EXERCISE DETAILS:
Begin at the line that holds "νησί του Αιγαίου." and copy each line exactly until the data below ends, including that last line but no pictures.

INFORMATION SHOWN:
....
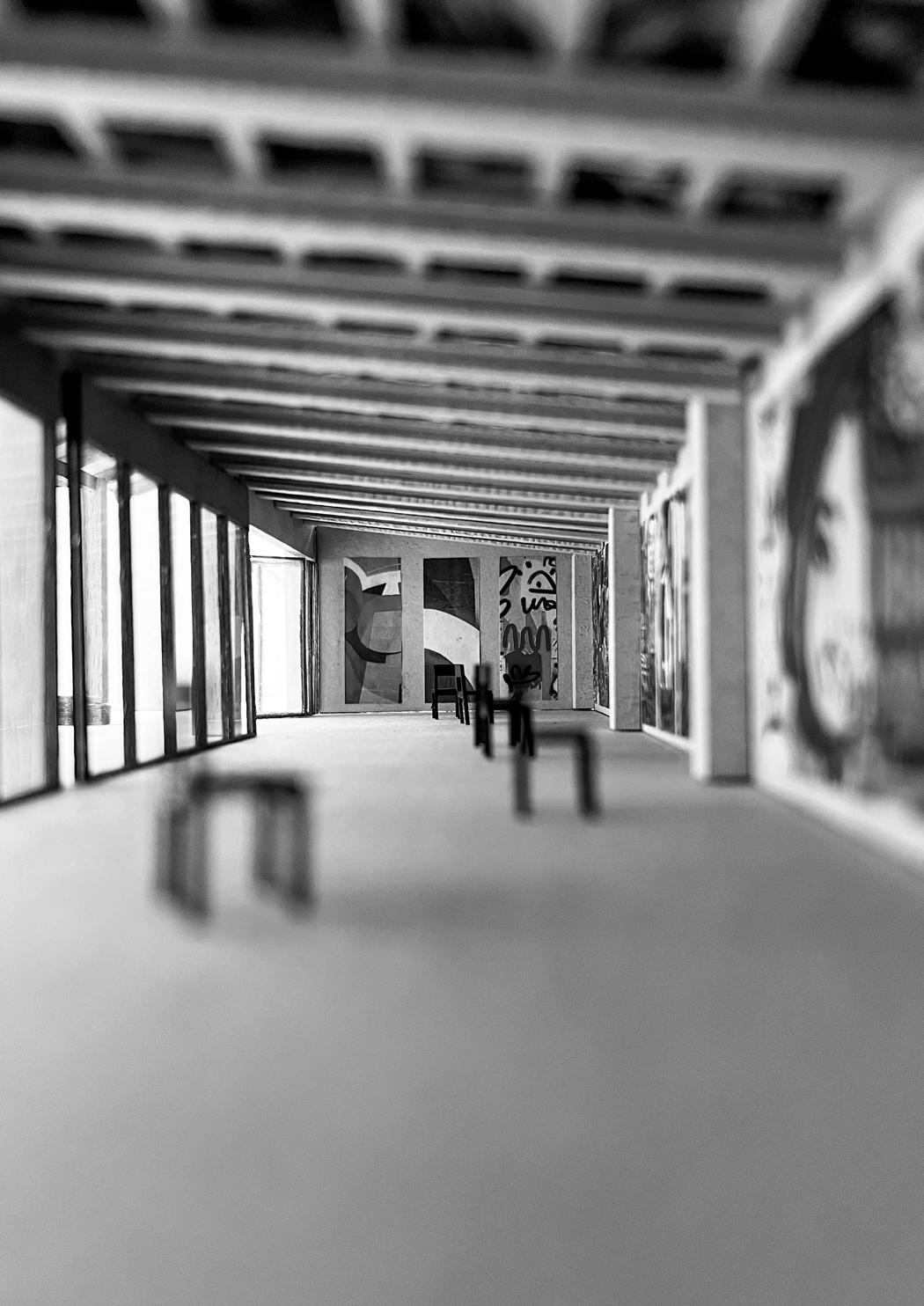 Mycket av utforskandet och en stor del av design processen skedde genom modellbyggandet, där de rumsliga dimensionerna och sambanden undersöktes.
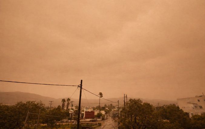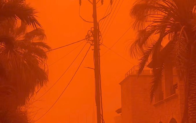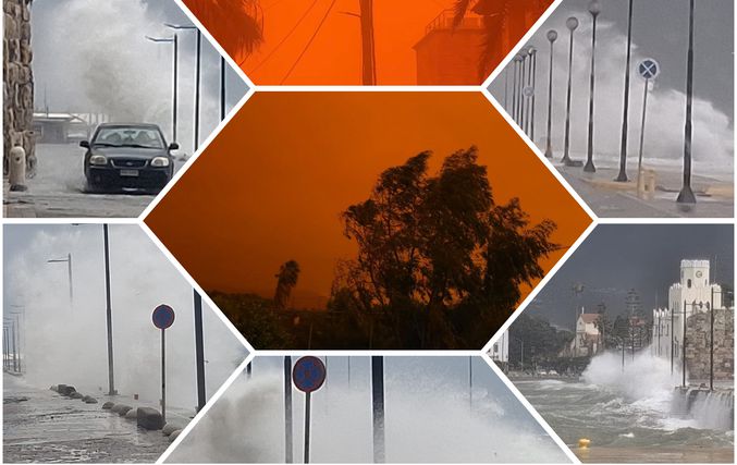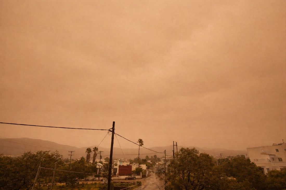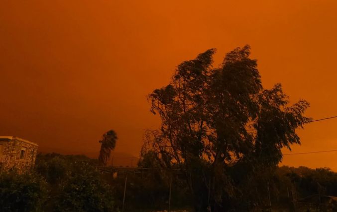 Η κακοκαιρία «Erminio» δείχνει τα δόντια της στην Κω, μετατρέποντας το νησί σε ένα εντυπωσιακό αλλά και ανησυχητικό σκηνικό, με τον ουρανό και την ατμόσφαιρα να  έχουν αποκτήσει μια έντονη πορτοκαλί απόχρωση, αποτέλεσμα της αφρικανικής σκόνης που έχει καλύψει ολόκληρη την περιοχή, δημιουργώντας εικόνες που θυμίζουν περισσότερο τοπίο της Σαχάρας παρά νησί του Αιγαίου.
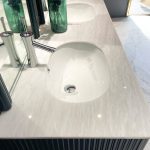 Adorned with a selection of unique veining patterns, the seamless marble countertop seamlessly integrates with a ceramic basin, offering both durability and opulence in your bathroom space.
....
RESPONSE BELOW:
 Η κακοκαιρία «Erminio» δείχνει τα δόντια της στην Κω, μετατρέποντας το νησί σε ένα εντυπωσιακό αλλά και ανησυχητικό σκηνικό, με τον ουρανό και την ατμόσφαιρα να  έχουν αποκτήσει μια έντονη πορτοκαλί απόχρωση, αποτέλεσμα της αφρικανικής σκόνης που έχει καλύψει ολόκληρη την περιοχή, δημιουργώντας εικόνες που θυμίζουν περισσότερο τοπίο της Σαχάρας παρά νησί του Αιγαίου.
 Adorned with a selection of unique veining patterns, the seamless marble countertop seamlessly integrates with a ceramic basin, offering both durability and opulence in your bathroom space.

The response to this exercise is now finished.